__Task objective__
Nothing but the images should be left out when the entries are restated word for word.

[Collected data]
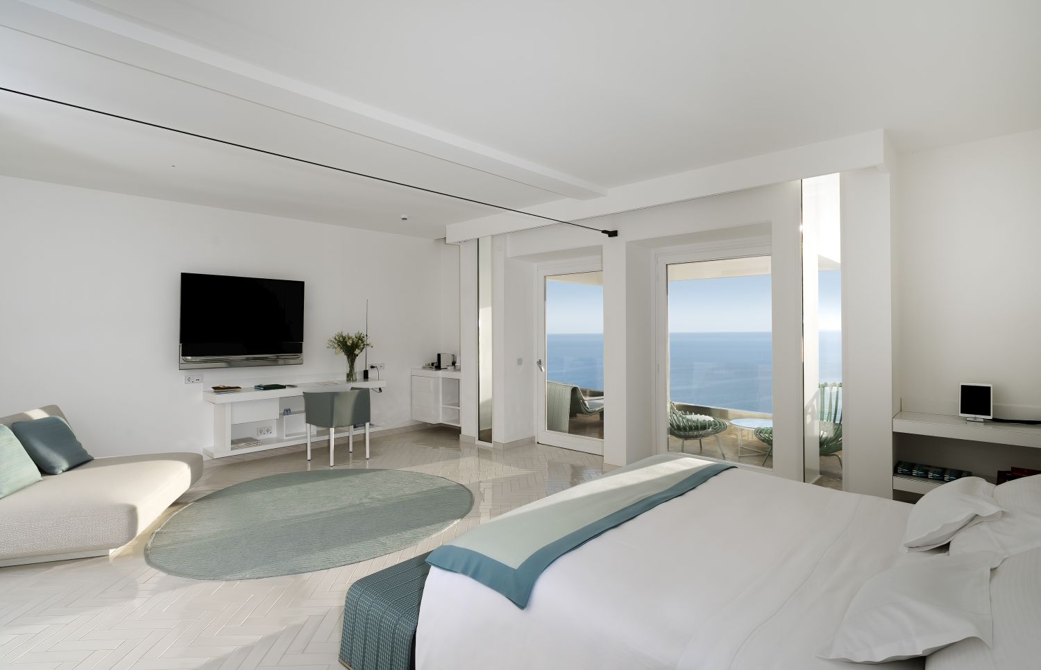 Mit herrlichem Meerblick auf Positano und Capri ist die exquisite Vermarine Suite eine Oase purer Eleganz und Raffinesse, inspiriert vom Vermarine-Stein. Jeder sorgfältig ausgewählte Farbton harmoniert mit natürlichen Elementen und schafft einen beruhigenden Rückzugsort, der stillen Luxus nahtlos mit der Schönheit der Natur verbindet.
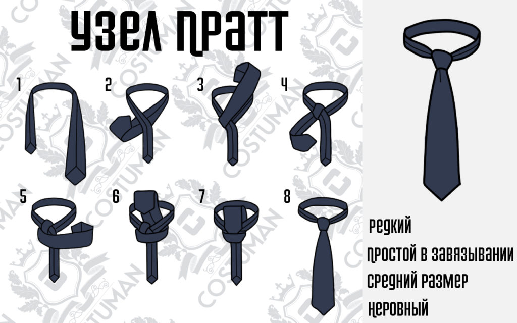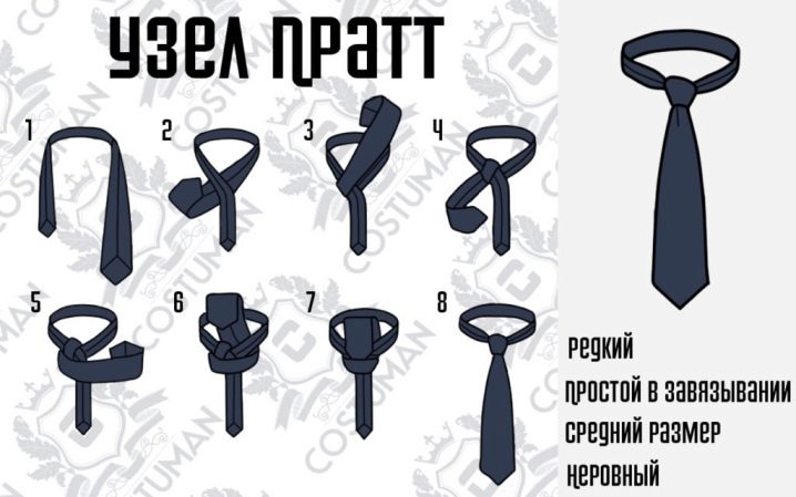 إذا اخترت هذه العقدة ، فأنت بحاجة إلى ربط الجانب السيئ من ربطة العنق بالخارج. وفقًا لخصائصه ، تبين أن "Pratt" ضخمة جدًا غالبًا ما يتم استخدامه للرباطات القصيرة جنبًا إلى جنب مع طوق القميص الضيق.
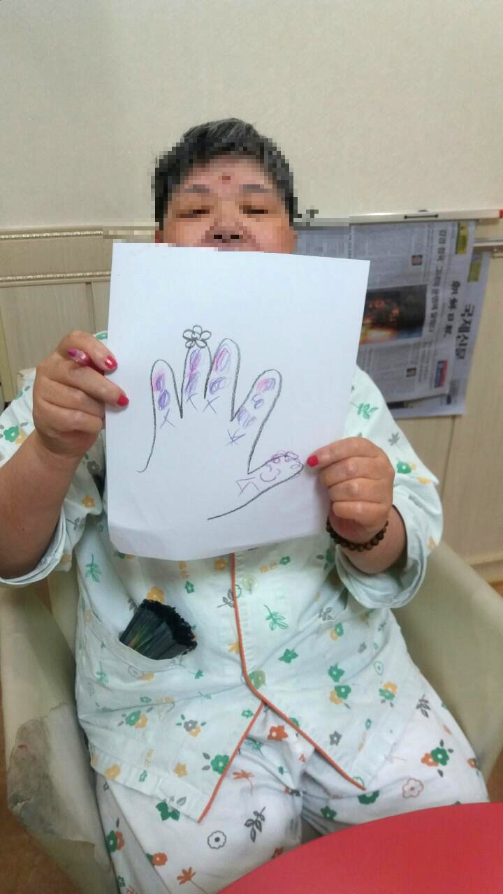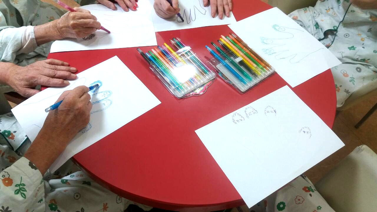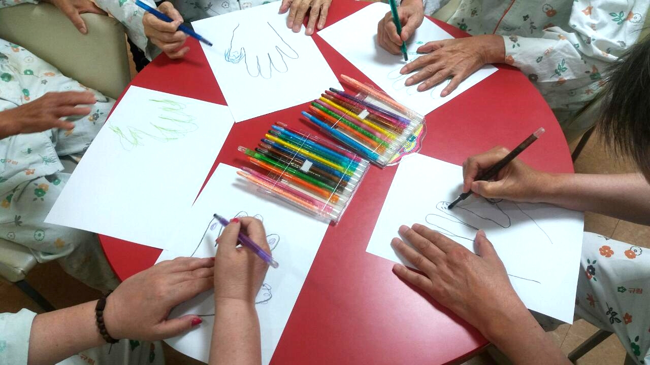 어르신들 손을 종이에 대고 색연필로 그린 뒤
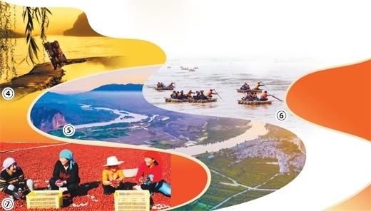圖④:一名筏工背著羊皮筏子前行。圖⑤:黃河岸邊的龍灣村。圖⑥:游客們在龍灣村附近乘坐羊皮筏子。圖⑦:龍灣村村民喜迎紅棗豐收。圖均為宋朝軍、俞寶榮攝影報道
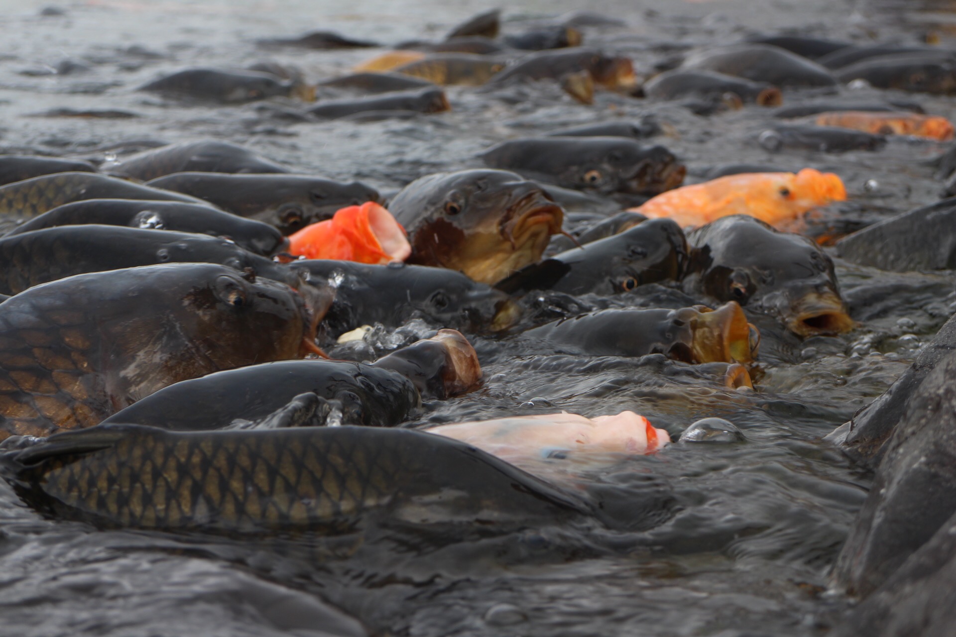 人が来るとエサをもらえることがわかっているようで、エサを持っていなくても群がって来る池もありました。結構かしこいようです。

__Written solution__
 Mit herrlichem Meerblick auf Positano und Capri ist die exquisite Vermarine Suite eine Oase purer Eleganz und Raffinesse, inspiriert vom Vermarine-Stein. Jeder sorgfältig ausgewählte Farbton harmoniert mit natürlichen Elementen und schafft einen beruhigenden Rückzugsort, der stillen Luxus nahtlos mit der Schönheit der Natur verbindet.
 إذا اخترت هذه العقدة ، فأنت بحاجة إلى ربط الجانب السيئ من ربطة العنق بالخارج. وفقًا لخصائصه ، تبين أن "Pratt" ضخمة جدًا غالبًا ما يتم استخدامه للرباطات القصيرة جنبًا إلى جنب مع طوق القميص الضيق.
 어르신들 손을 종이에 대고 색연필로 그린 뒤
圖④:一名筏工背著羊皮筏子前行。圖⑤:黃河岸邊的龍灣村。圖⑥:游客們在龍灣村附近乘坐羊皮筏子。圖⑦:龍灣村村民喜迎紅棗豐收。圖均為宋朝軍、俞寶榮攝影報道
 人が来るとエサをもらえることがわかっているようで、エサを持っていなくても群がって来る池もありました。結構かしこいようです。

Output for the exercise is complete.